Racial composition as of the 2020 census
| Race | Number | Percent |
|---|---|---|
| White | 2,915 | 89.9% |
| Black or African American | 101 | 3.1% |
| American Indian and Alaska Native | 4 | 0.1% |
| Asian | 36 | 1.1% |
| Native Hawaiian and Other Pacific Islander | 1 | 0.0% |
| Some other race | 48 | 1.5% |
| Two or more races | 139 | 4.3% |
| Hispanic or Latino (of any race) | 140 | 4.3% |

===2000 census===
As of the census of 2000, there were 3,191 people, 1,550 households, and 806 families residing in the village. The population density was 2,807.6 PD/sqmi. There were 1,633 housing units at an average density of 1,436.8 /sqmi. The racial makeup of the village was 98.21% White, 0.38% African American, 0.06% Native American, 0.34% Asian, 0.03% Pacific Islander, 0.25% from other races, and 0.72% from two or more races. Hispanic or Latino of any race were 1.07% of the population.

There were 1,550 households, out of which 21.9% had children under the age of 18 living with them, 37.9% were married couples living together, 10.5% had a female householder with no husband present, and 48.0% were non-families. 41.7% of all households were made up of individuals, and 21.4% had someone living alone who was 65 years of age or older. The average household size was 2.06 and the average family size was 2.84.

In the village, the population was spread out, with 18.6% under the age of 18, 7.9% from 18 to 24, 28.1% from 25 to 44, 21.3% from 45 to 64, and 24.0% who were 65 years of age or older. The median age was 42 years. For every 100 females, there were 81.7 males. For every 100 females age 18 and over, there were 78.3 males.
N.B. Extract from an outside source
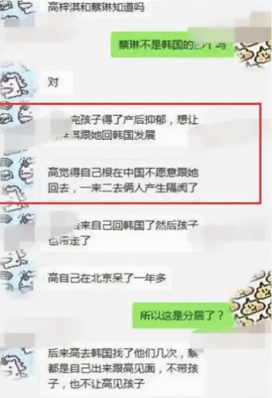 爆料说,离婚原因是蔡琳产后抑郁希望高梓淇和她一起带着孩子在韩国生活,高梓淇不同意。

The median income for a household in the village was $30,993, and the median income for a family was $39,779. Males had a median income of $30,000 versus $29,844 for females. The per capita income for the village was $19,793. About 8.6% of families and 10.7% of the population were below the poverty line, including 17.9% of those under age 18 and 6.7% of those age 65 or over.